*Problem requirements*: Word for word, give the records again, dropping any picture they hold.

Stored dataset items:
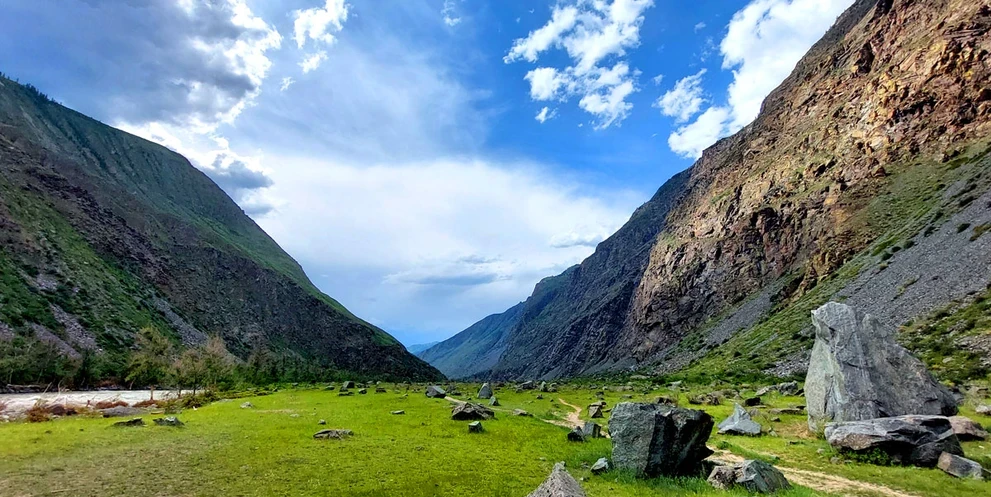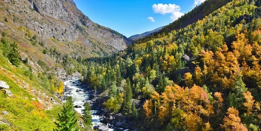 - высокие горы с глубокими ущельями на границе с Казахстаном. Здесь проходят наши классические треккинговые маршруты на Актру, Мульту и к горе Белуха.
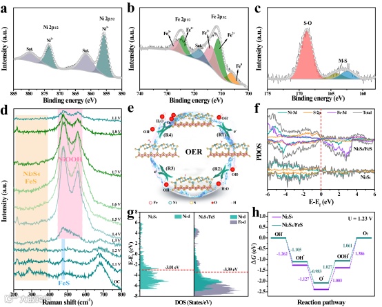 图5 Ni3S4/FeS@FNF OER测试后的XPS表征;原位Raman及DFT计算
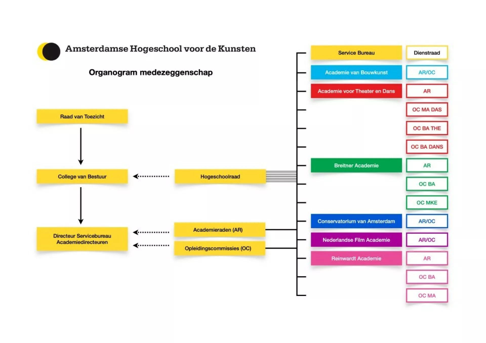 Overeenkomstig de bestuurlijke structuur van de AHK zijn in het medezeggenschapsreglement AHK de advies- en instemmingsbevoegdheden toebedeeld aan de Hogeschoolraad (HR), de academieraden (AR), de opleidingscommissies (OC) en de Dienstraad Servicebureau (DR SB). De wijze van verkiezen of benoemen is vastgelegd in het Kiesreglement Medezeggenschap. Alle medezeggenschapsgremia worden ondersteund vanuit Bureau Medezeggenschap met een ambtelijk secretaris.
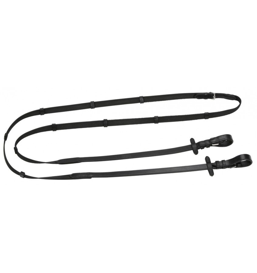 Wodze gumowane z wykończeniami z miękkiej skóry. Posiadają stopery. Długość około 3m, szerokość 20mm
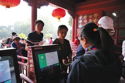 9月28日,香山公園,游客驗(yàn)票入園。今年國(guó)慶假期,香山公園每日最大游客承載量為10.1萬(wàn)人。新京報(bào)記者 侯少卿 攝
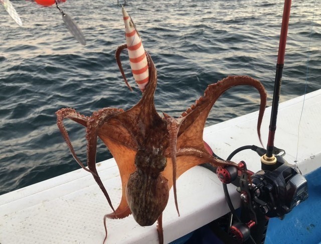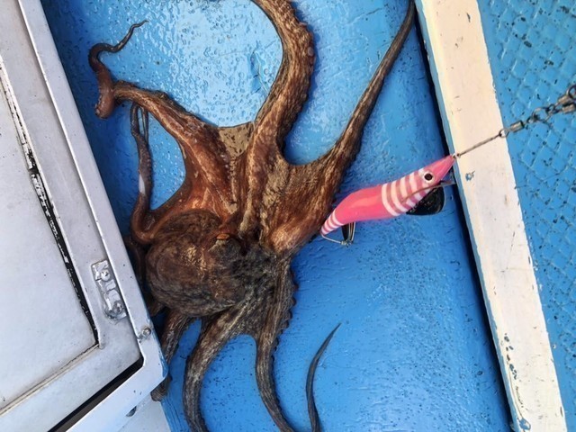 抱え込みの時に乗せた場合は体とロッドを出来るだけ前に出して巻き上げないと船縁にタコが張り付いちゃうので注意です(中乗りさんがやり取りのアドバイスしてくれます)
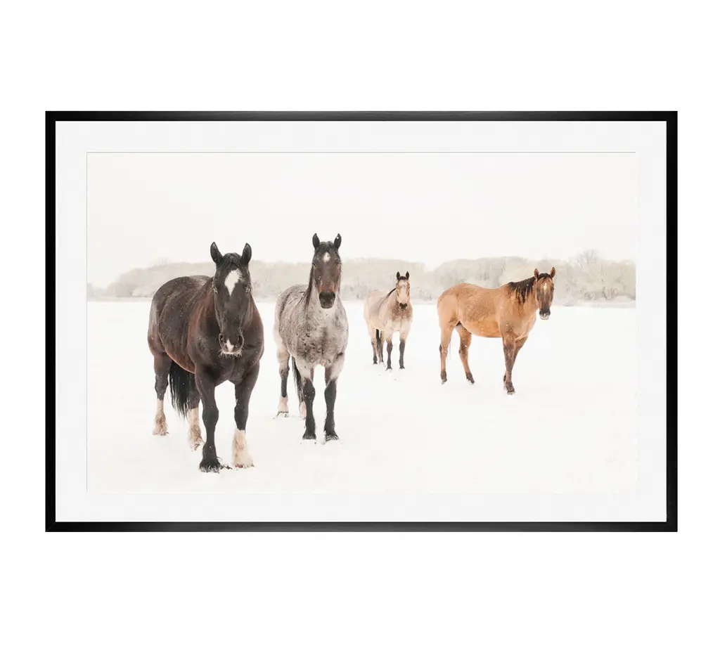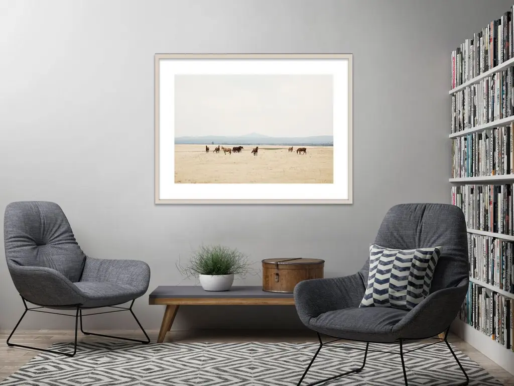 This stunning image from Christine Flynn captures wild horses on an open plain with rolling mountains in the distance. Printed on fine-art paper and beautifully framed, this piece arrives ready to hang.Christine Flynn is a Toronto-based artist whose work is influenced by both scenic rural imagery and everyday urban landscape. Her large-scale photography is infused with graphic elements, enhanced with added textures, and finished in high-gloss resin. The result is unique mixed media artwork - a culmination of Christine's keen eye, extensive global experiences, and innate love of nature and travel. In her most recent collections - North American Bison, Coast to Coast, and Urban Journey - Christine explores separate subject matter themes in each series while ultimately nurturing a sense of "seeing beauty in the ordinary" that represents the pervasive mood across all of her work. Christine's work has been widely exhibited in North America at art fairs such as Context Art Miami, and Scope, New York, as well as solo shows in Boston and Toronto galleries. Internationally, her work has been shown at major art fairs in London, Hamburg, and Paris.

*Exercise solution*:
 - высокие горы с глубокими ущельями на границе с Казахстаном. Здесь проходят наши классические треккинговые маршруты на Актру, Мульту и к горе Белуха.
 图5 Ni3S4/FeS@FNF OER测试后的XPS表征;原位Raman及DFT计算
 Overeenkomstig de bestuurlijke structuur van de AHK zijn in het medezeggenschapsreglement AHK de advies- en instemmingsbevoegdheden toebedeeld aan de Hogeschoolraad (HR), de academieraden (AR), de opleidingscommissies (OC) en de Dienstraad Servicebureau (DR SB). De wijze van verkiezen of benoemen is vastgelegd in het Kiesreglement Medezeggenschap. Alle medezeggenschapsgremia worden ondersteund vanuit Bureau Medezeggenschap met een ambtelijk secretaris.
 Wodze gumowane z wykończeniami z miękkiej skóry. Posiadają stopery. Długość około 3m, szerokość 20mm
 9月28日,香山公園,游客驗(yàn)票入園。今年國(guó)慶假期,香山公園每日最大游客承載量為10.1萬(wàn)人。新京報(bào)記者 侯少卿 攝
 抱え込みの時に乗せた場合は体とロッドを出来るだけ前に出して巻き上げないと船縁にタコが張り付いちゃうので注意です(中乗りさんがやり取りのアドバイスしてくれます)
 This stunning image from Christine Flynn captures wild horses on an open plain with rolling mountains in the distance. Printed on fine-art paper and beautifully framed, this piece arrives ready to hang.Christine Flynn is a Toronto-based artist whose work is influenced by both scenic rural imagery and everyday urban landscape. Her large-scale photography is infused with graphic elements, enhanced with added textures, and finished in high-gloss resin. The result is unique mixed media artwork - a culmination of Christine's keen eye, extensive global experiences, and innate love of nature and travel. In her most recent collections - North American Bison, Coast to Coast, and Urban Journey - Christine explores separate subject matter themes in each series while ultimately nurturing a sense of "seeing beauty in the ordinary" that represents the pervasive mood across all of her work. Christine's work has been widely exhibited in North America at art fairs such as Context Art Miami, and Scope, New York, as well as solo shows in Boston and Toronto galleries. Internationally, her work has been shown at major art fairs in London, Hamburg, and Paris.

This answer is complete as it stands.